The main difference between the two is that Sprint Spectrum, which was launched in 1995 by American Personal Communications in Bethesda, has only digital capability and currently can't be used outside the Washington area because the rest of the nation is not yet set up for the digital technology known as personal communications services, or PCS.

The Bell Atlantic/Nynex offering, which will be called DigitalChoice, can switch between digital and analog, and can therefore be used around the country. AT&T and Cellular One are expected to follow soon with digital products.

NORTHROP LOSES BID, CLOSES PLANTS

Just days apart this month, Northrop Grumman Corp., Los Angeles, lost its bid to buy the defense business of Hughes Electronics, also in Los Angeles, and announced four plant closings.

Raytheon Co., Lexington, Mass., bought the Hughes defense works for $9.5 billion. Analysts still expect Northrop to be an important defense player even if it is not as large as some of the others.

The plant closings and layoffs involve Northrop's Electronics & Systems Integration and Commercial Aircraft divisions. The moves reflect the company's efforts to adjust to a leaner defense market that the whole industry is going through, said Wolfgang Demisch, BT Securities, New York. "If anything, Northrop is ahead of the curve," he said.

INTERNET OVERLOAD SCARE IS
BOGUS, SAYS LOBBYING GROUP

Fast-growing Internet traffic doesn't threaten the telephone network.

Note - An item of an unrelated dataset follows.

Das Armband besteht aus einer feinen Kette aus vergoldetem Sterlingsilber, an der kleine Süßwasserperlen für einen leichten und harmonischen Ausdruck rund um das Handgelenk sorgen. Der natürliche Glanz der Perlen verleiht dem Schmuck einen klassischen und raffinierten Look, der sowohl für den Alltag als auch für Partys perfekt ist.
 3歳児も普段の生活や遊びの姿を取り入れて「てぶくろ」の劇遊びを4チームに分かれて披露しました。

Instead it generates fat profits for the Baby Bells, according to a new study by a group of hardware and online companies.

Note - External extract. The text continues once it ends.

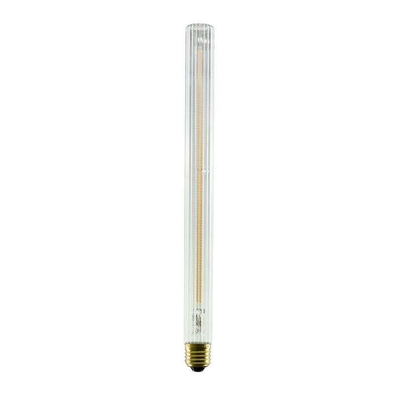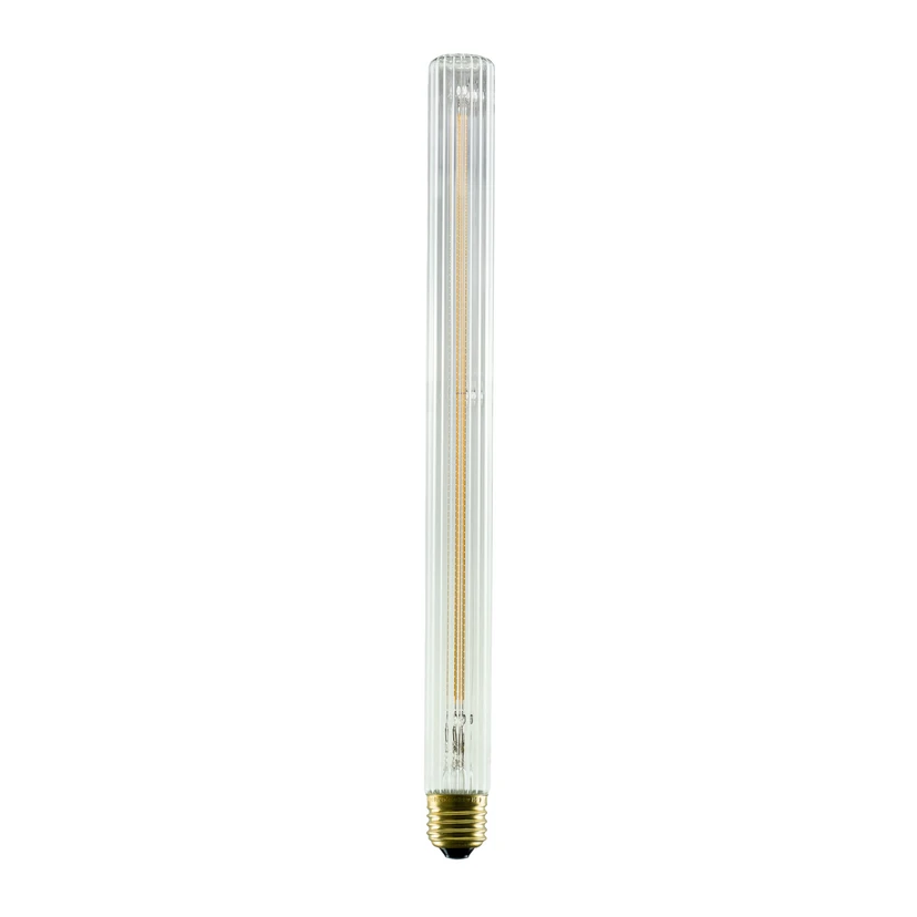 LED-pære E27 T35 4,5W i lang rørform med riflet glas Denne LED-pære fra Soft Line-serien fra Segula har en usædvanlig, lang rørform lavet af gennemsigtigt glas med en fin riflet struktur. De fleksible LED-tråde ligner til forveksling glødetråde og spotlighter et varmt og blændfrit lys. Den lange LED-pære er ideel til dekorative belysningsopgaver i skærmløse armaturer og kan dæmpes med de fleste kommercielt tilgængelige lysdæmpere - ekstra varm lysfarve (2.200 K) - dæmpbar med de fleste kommercielt tilgængelige lysdæmpere - særlig god farvegengivelse (Ra >90) - meget lang holdbarhed på antal tænd/sluk (100.000 cyklusser)
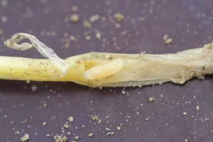 - Presencia de larvas : Pequeños gusanos blancos cerca de la base de las plantas de judía afectadas. Estas larvas son un claro indicador de infestación por la mosca de la semilla de la judía.

The companies, united as the Internet Access Coalition,. include Intel Corp., Santa Clara, Calif., and America Online, Dulles, Va. Their study claims to rebut an earlier study released by the Bells and concludes that any Internet-caused overloads are local glitches in the phone network that can be fixed with only a small fraction of the revenue earned by the Bells from increased data throughput.

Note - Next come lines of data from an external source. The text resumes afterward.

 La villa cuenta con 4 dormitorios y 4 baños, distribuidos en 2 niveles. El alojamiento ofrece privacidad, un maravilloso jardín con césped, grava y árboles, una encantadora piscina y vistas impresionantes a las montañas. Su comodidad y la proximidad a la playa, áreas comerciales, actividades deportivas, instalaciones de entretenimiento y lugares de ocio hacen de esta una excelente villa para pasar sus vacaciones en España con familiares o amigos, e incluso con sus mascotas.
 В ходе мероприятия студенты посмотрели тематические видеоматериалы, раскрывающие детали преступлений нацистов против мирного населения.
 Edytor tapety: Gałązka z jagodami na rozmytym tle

The study is one salvo in a larger battle between the online, long distance, and local phone companies over reform of the Universal Service scheme, which forces the long distance companies to pay billions per year to the Bells, which then use the money to subsidize their customers and - unwillingly - subsidize the online industry's subscribers.

EDS POSTAL SERVICE CONTRACT TO DELIVER JOBS

A U.S. Postal Service contract won by Electronic Data Systems Corp., Herndon, Va., should create about 400 jobs in Raleigh, N.C., by the last year of the three-year, $42 million contract. EDS will help manage and monitor computer technology in 7,000 Postal Service offices.

The Distributed Systems Operational Support contract also has four two-year options, and could be worth $200 million over 11 years.

CAPITALIZING ON THE INTERNET

Digital City Washington, a division of America Online, Dulles, Va., and Advantage Consulting Inc., Annandale, Va., have teamed up to develop "Finance Wizard," a financial online service that shows small- and medium-sized businesses where to find sources of capital on the Internet. Available free of charge, the listing can be viewed by more than 500,000 AOL subscribers in the Washington/Baltimore region. The site currently can be accessed through AOL's main menu or keyword: D C Marketplace.